Side Note

Soon we’ll be eating lobster dinners all the time

We already know some of the most documented effects of climate change: The world is getting warmer, natural disasters are becoming deadlier and happening more frequently, and the arctic as we know it may become a thing of the past. But increasing global temperatures are also leading to other, stranger developments, like the fact that we all may be eating a lot more lobster dinners in the near future.

Lobster

Lobster

According to a fascinating report Bloomberg dropped today — which measures how climate change is already affecting the way we eat — lobstermen off the coast of Maine are catching more crustaceans than ever. The Gulf of Maine is warming faster than 99.9 percent of the world’s oceans, according to a 2015 study by the Gulf of Maine Research Institute, causing lobsters to procreate like crazy. (Though eventually, ocean temperatures may increase so much that lobster populations actually end up having less sex.) These warmer global temperatures are causing other strange changes to the food supply: cod populations are declining, more squid are roaming the seas, Britain is suddenly warm enough to produce fine wine, and coffee growers in Indonesia, India, and Peru are moving into the mountains.

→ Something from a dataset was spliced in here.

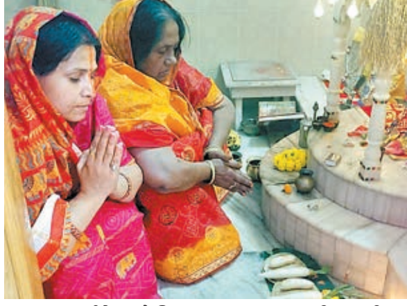
छठ महापर्व के दूसरे दिन खरना अनुष्ठान करतीं छठवती।

का 36 घंटे का निर्जला उपवास भी शुरू हो गया। आज अस्ताचलगामी सूर्य को और कल सुबह उदीयमान भागवान भास्कर को अर्घ्य अर्पित किया जायेगा। इधर राजधानी रांची में जगह जगह छठ बाजार सजे हैं। जिसमें सूप, टोकरी से लेकर मिट्टी के दीये, फल और सब्जियां मिल रहे हैं। राजधानी रांची की बात करें तो मुख्य बाजार जिला स्कूल, कचहरी, बकरी बाजार, बहुबाजार, चर्च रोड, रातु रोड, नामकुम, चुटिया, धुवां, शालीमार बाजार समेत अन्य इलाकों में लगा है।

But climate change’s effects on food extend far beyond the lobster and wine set. As The Outline previously reported, climate change is contributing to famines in other parts of the world, particularly in the Southern Hemisphere, as access to food, water, and other necessary resources becomes limited. And according to a study released earlier this month, South America, Asia, Africa, and the Pacific islands are most vulnerable to climate change-induced drought, which could lead to poor harvests, wildfires, and famine. Even if lobster lovers benefit in the short-run, it’s likely that the negative effects climate change will have on the food supply will outnumber the good ones.